- **HOW TO COMPLETE THIS TASK**: Within the entries below, please return exactly the lines from the one with "- Stainless Steel" through the one with "EmailMeForm's free version", leaving out any pictures.

GIVEN DATA Start Marker

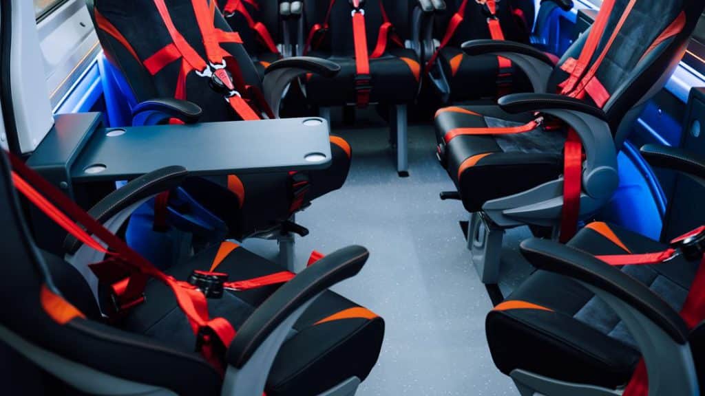 De Torsus Terrastorm 4×4 staat op dikke 17 inch Delta-velgen. Daar liggen stevige BF Goodrich-banden om. De reservewielhouder achterop oogt lekker stoer en past bij het plaatje. Hetzelfde doet de bullbar met geïntegreerde lier voorop. Kies je voor de personenversie met ramen, dan rol je ook in het ruige terrein niet uit je stoel. Daarvoor zorgen de vijfpuntsgordels. De vier voorste stoelen zijn draaibaar, hierdoor kun je rond de tafel zitten. Deze staat tegen de zijwand. Tegen het dak bovenkasten voor bagage.
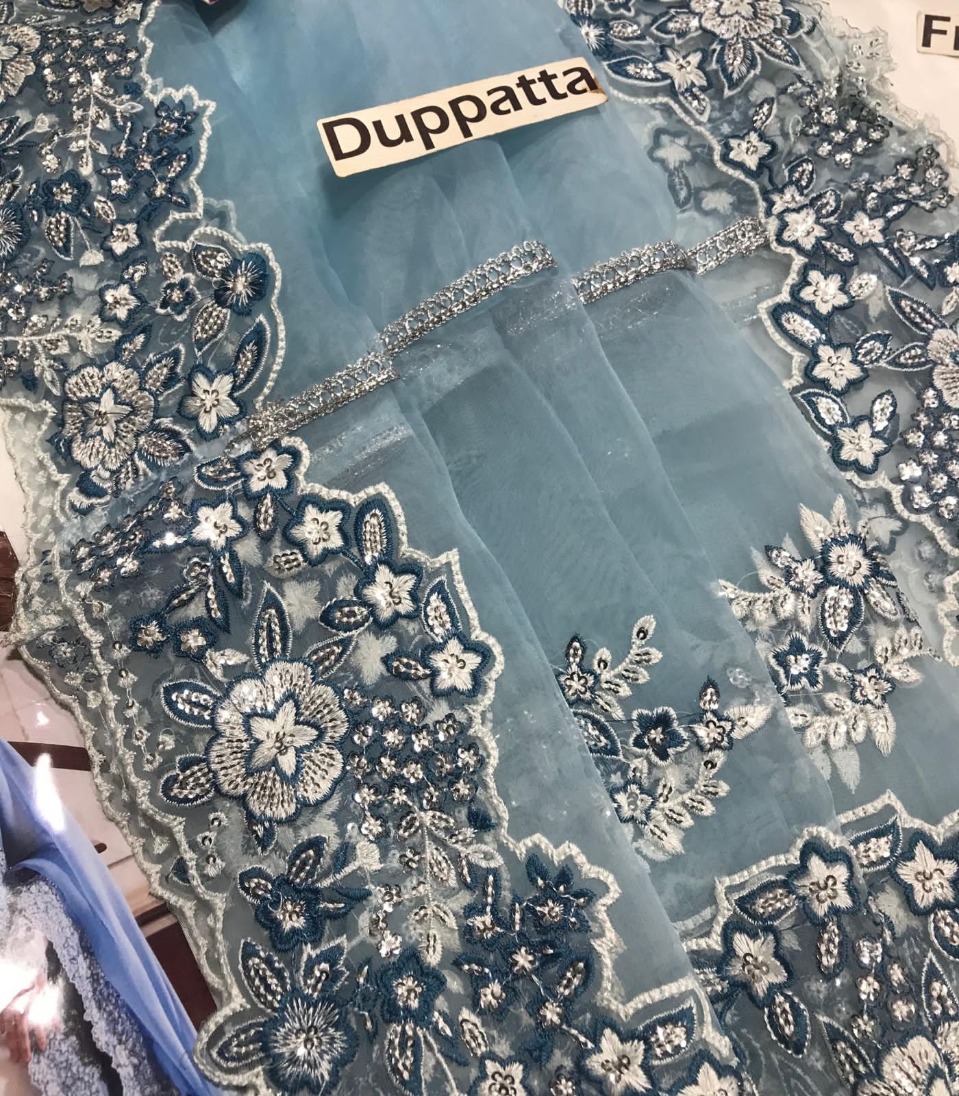 ▪️Heavy Embroidery Organza Dupatta With 04 Sides Heavy Embroidered border Applic Ready To Wear Duaptta
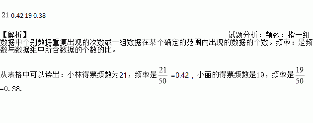21 0.42 19 0.38 【解析】试题分析:频数:指一组数据中个别数据重复出现的次数或一组数据在某个确定的范围内出现的数据的个数。频率:是频数与数据组中所含数据的个数的比。 从表格中可以读出:小林得票频数为21,频率是=0.42,小丽的得票频数是19,频率是 =0.38.
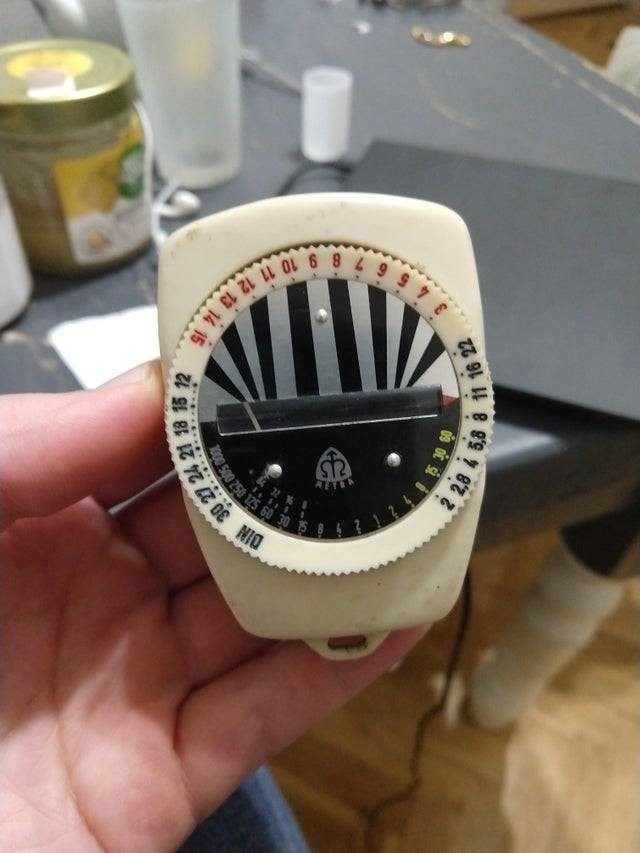 Ответ: «Это — экспонометр, прибор для определения правильной экспозиции, контраста и других параметров, что важны при съемке кино»
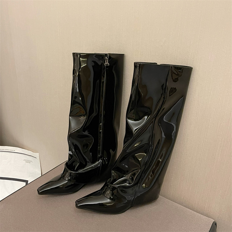 블랙 특허 가죽 힙 부츠 롱 부츠 여성용 2024 가을 및 겨울 라이더 부츠 거리 삶은 높이 증가 대형 삶은 바지 부츠 하이힐 부츠스토어 가기
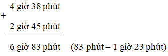 Vậy: 4 giờ 38 phút + 2 giờ 45 phút = 7 giờ 23 phút.
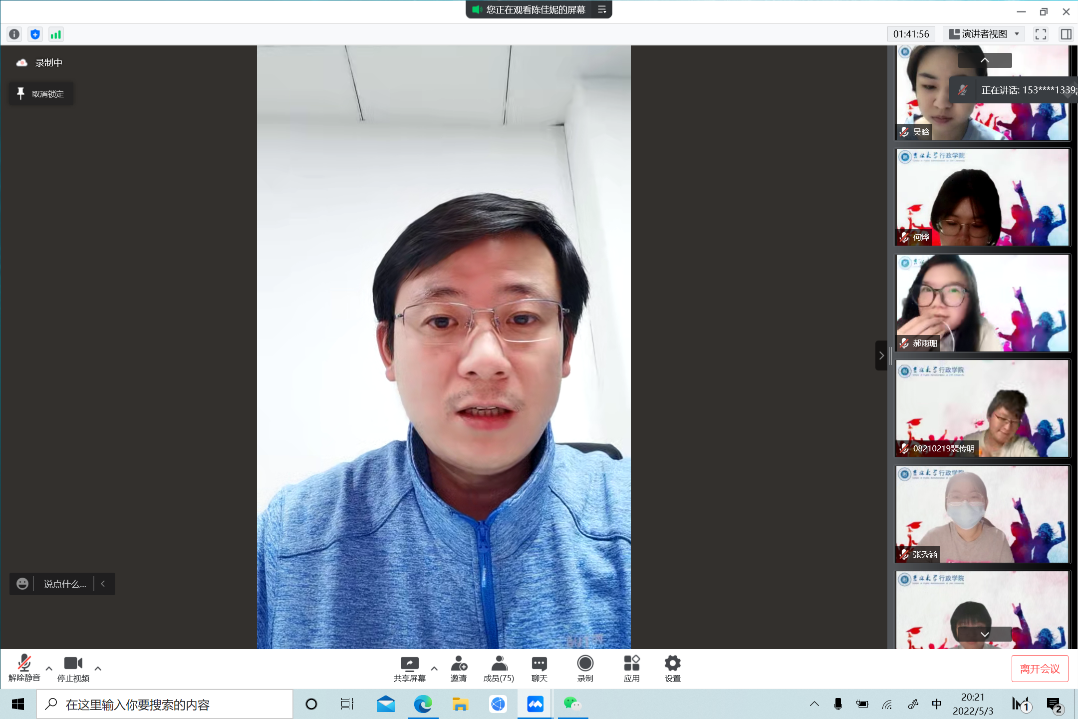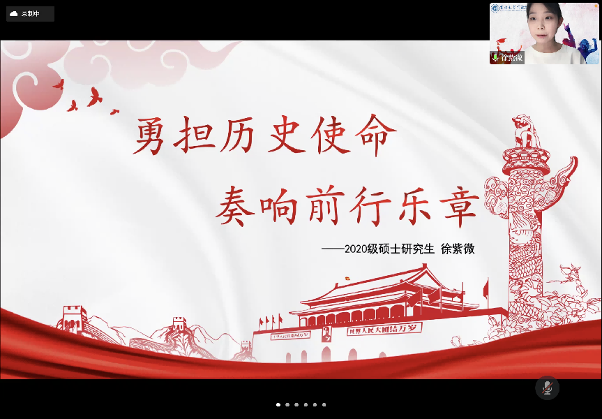 优秀员工代表与青年教师代表依次进行了发言。公司“青年学习班”代表曹阳、研究生代表徐紫微分享了公司疫情防控中志愿者的防疫记录和个人心得感悟,提振疫情防控信心;员工社团代表张志强、团支部书记代表张云航总结并介绍了疫情形势下社团与班级工作的开展情况,并结合“五·四”精神鼓励大家追逐青年梦想,争做时代新人;优秀记者代表陈聪表示将为提升公司团委宣传工作而继续努力,立足于“公共精神、独立人格”的院训,加强宣传工作的深度,对内提升亲和力、对外提高影响力;志愿者代表赵蕊、优秀共青团员代表卫玉欣分享了疫情下吉大人、行政人的勇毅担当,表达了对逆行而上、勇挑重担的志愿者的敬意和感谢;员工组织成员代表于润泽介绍了应急管理期间公司员工会的工作开展情况,表示员工会将在未来继续发挥好凝聚同学、服务同学的作用;“青马工程”学员代表王上华分享了自己在院校两级青马工程培训班的经历,并号召共青团员们发挥先锋模范作用,躬身实践、知行合一;“思源计划”学员代表卢婷从参加计划调研活动的经历与体会着眼,抒发了行政学子脚踩泥土、眼望星辰的情怀;就业毕业生代表王鹏解答了同学们关心的就业问题,指出在求职过程中应脚踏实地、积极调整自身心态、不断积累经验,抓住自身定位精准出击。优秀青年教师代表张力伟以责任担当为主题进行了主题发言。张力伟号召同学们坚定思想信念,走出书斋、走向社会,充分认识到自我主体性与对国家民族未来的责任担当,将担当化为行动,勉励同学们立足于青年政治学人、公共管理人的身份,培养理性冷静的学科立场,保持对时代与社会发展的敏感度,在学习实践中挖掘中国故事、更好地阐述中国故事。
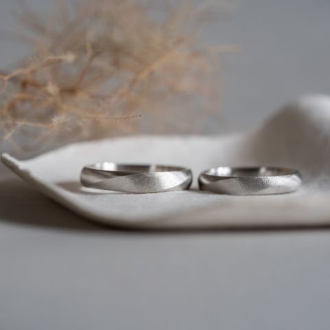 さりげないけれど、捻りのデザインがオシャレで素敵です。 私はひねりの部分をツルッとした仕様・全体をざらついた仕様に、彼はその逆のデザインにしました。 シンプルだけど捻りによって存在感が出るので、歳を重ねても映えるデザインだと思います。
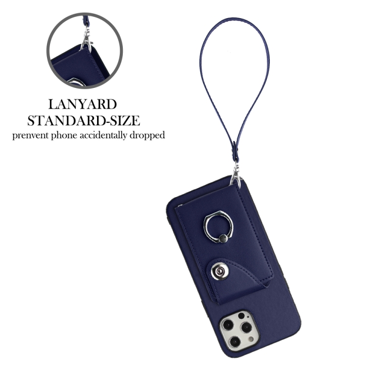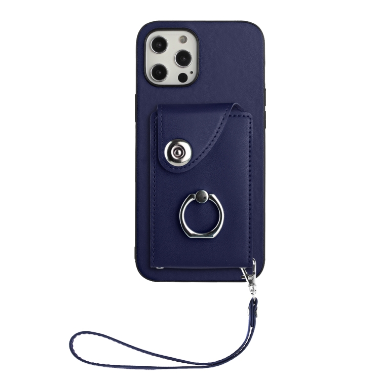 Funda para Teléfono iPhone 12 de PU con Soporte para Anillo y Bolsa para Tarjeta con Cordón (Azul)
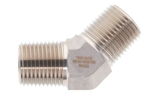 45° Elbow, 1/2" NPTF Male x 1/2" NPTF Male - Stainless Steel
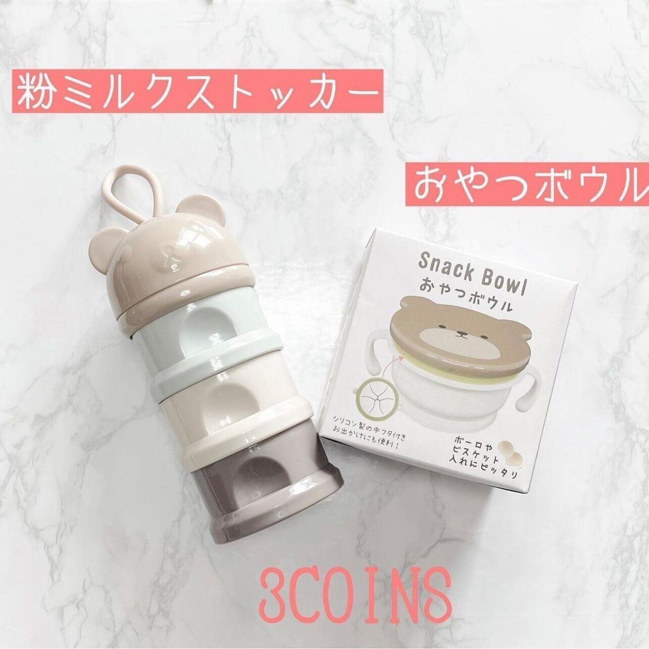 YUIさんが3COINSで一目惚れしたのは、くまさんモチーフの粉ミルクストッカー。1回分ずつを分けて3回分の粉ミルクを持ち運ぶのに便利みたい。おやつボウルはお子さんがもう少し大きくなってから使いたいと、こちらも可愛さに惹かれて購入したとのこと。
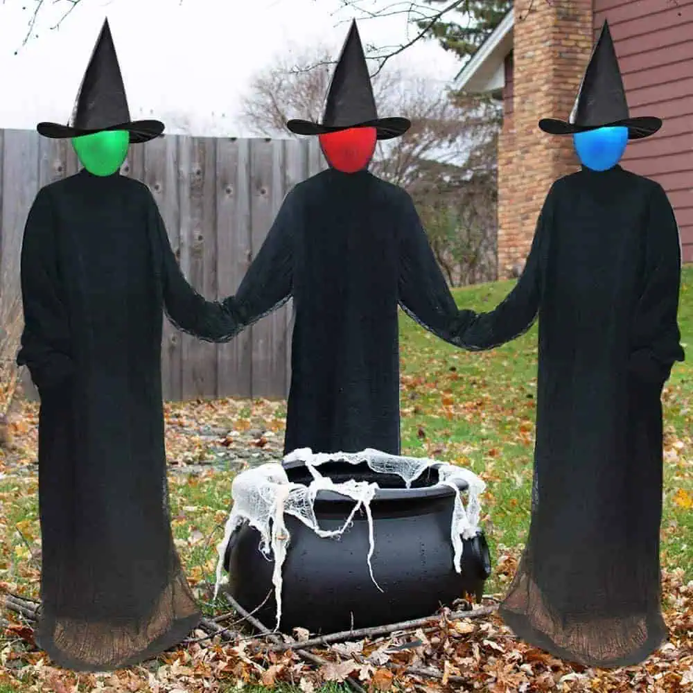 These set of three witches holding big hand in a spooky parade of creepy sisterhood. Perfect for your Halloween celebration or spooky house beautifications.
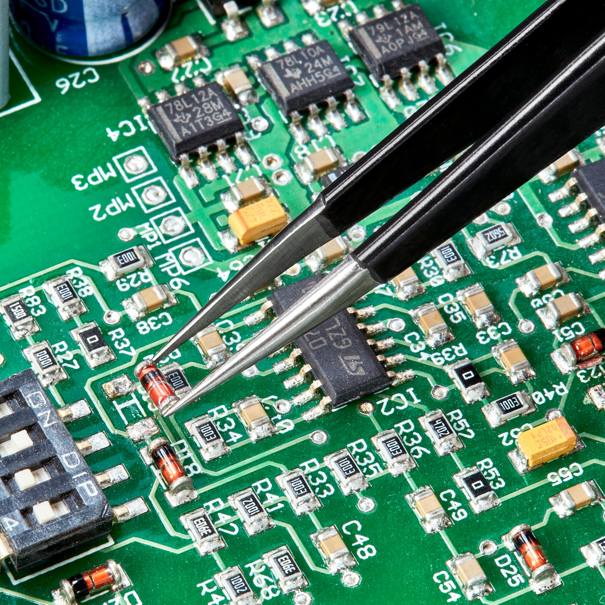 • Needle-point tips offer extra-fine gripping on very small components and wire
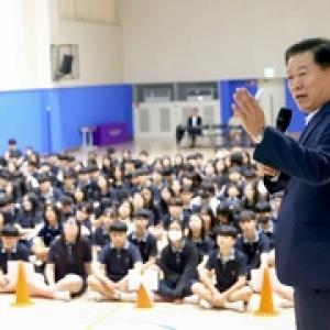 박승원 광명시장이 청소년들에게 직접 자치분권의 가치를 전하며 스스로 생각하고 실천하는 주체적 시민으로 성장할 수 있는 계기를 제공했다.박 시장은 지난 15일 오후 하안북중학교를…
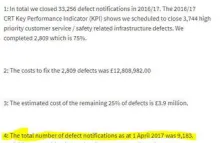 At the time the previous article was published, an accurate figure for 2017 outstanding defects was not available due to C&RT attempting to fudge the numbers. We made a conservative estimate of 65,000 but this has proven rather too conservative with C&RT now admitting that 'SAP ZX Defect Notifications' outstanding at 1 April 2017 are 72,026.
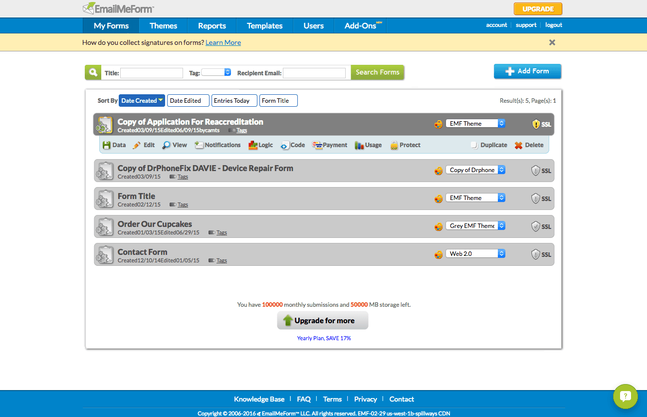 EmailMeForm's free version offers unlimited forms for one user, together with standard themes and support. The next level up (for two users) costs $8.95 a month for a year, or $9.95 monthly, which includes the form builder, reports, workflows, and 50 form entries a month.
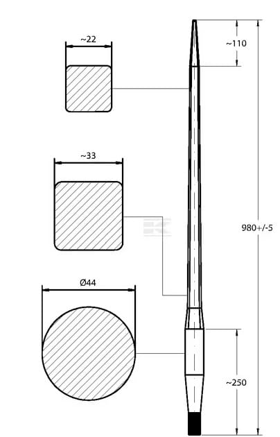 Ząb ładowacza, prosty, profil kwadratowy 44x980 mm końcówka szpiczasta z nakrętką M30x2 czerwony SHW

GIVEN DATA End Marker

- **SOLUTION BELOW**:
 45° Elbow, 1/2" NPTF Male x 1/2" NPTF Male - Stainless Steel
 YUIさんが3COINSで一目惚れしたのは、くまさんモチーフの粉ミルクストッカー。1回分ずつを分けて3回分の粉ミルクを持ち運ぶのに便利みたい。おやつボウルはお子さんがもう少し大きくなってから使いたいと、こちらも可愛さに惹かれて購入したとのこと。
 These set of three witches holding big hand in a spooky parade of creepy sisterhood. Perfect for your Halloween celebration or spooky house beautifications.
 • Needle-point tips offer extra-fine gripping on very small components and wire
 박승원 광명시장이 청소년들에게 직접 자치분권의 가치를 전하며 스스로 생각하고 실천하는 주체적 시민으로 성장할 수 있는 계기를 제공했다.박 시장은 지난 15일 오후 하안북중학교를…
 At the time the previous article was published, an accurate figure for 2017 outstanding defects was not available due to C&RT attempting to fudge the numbers. We made a conservative estimate of 65,000 but this has proven rather too conservative with C&RT now admitting that 'SAP ZX Defect Notifications' outstanding at 1 April 2017 are 72,026.
 EmailMeForm's free version offers unlimited forms for one user, together with standard themes and support. The next level up (for two users) costs $8.95 a month for a year, or $9.95 monthly, which includes the form builder, reports, workflows, and 50 form entries a month.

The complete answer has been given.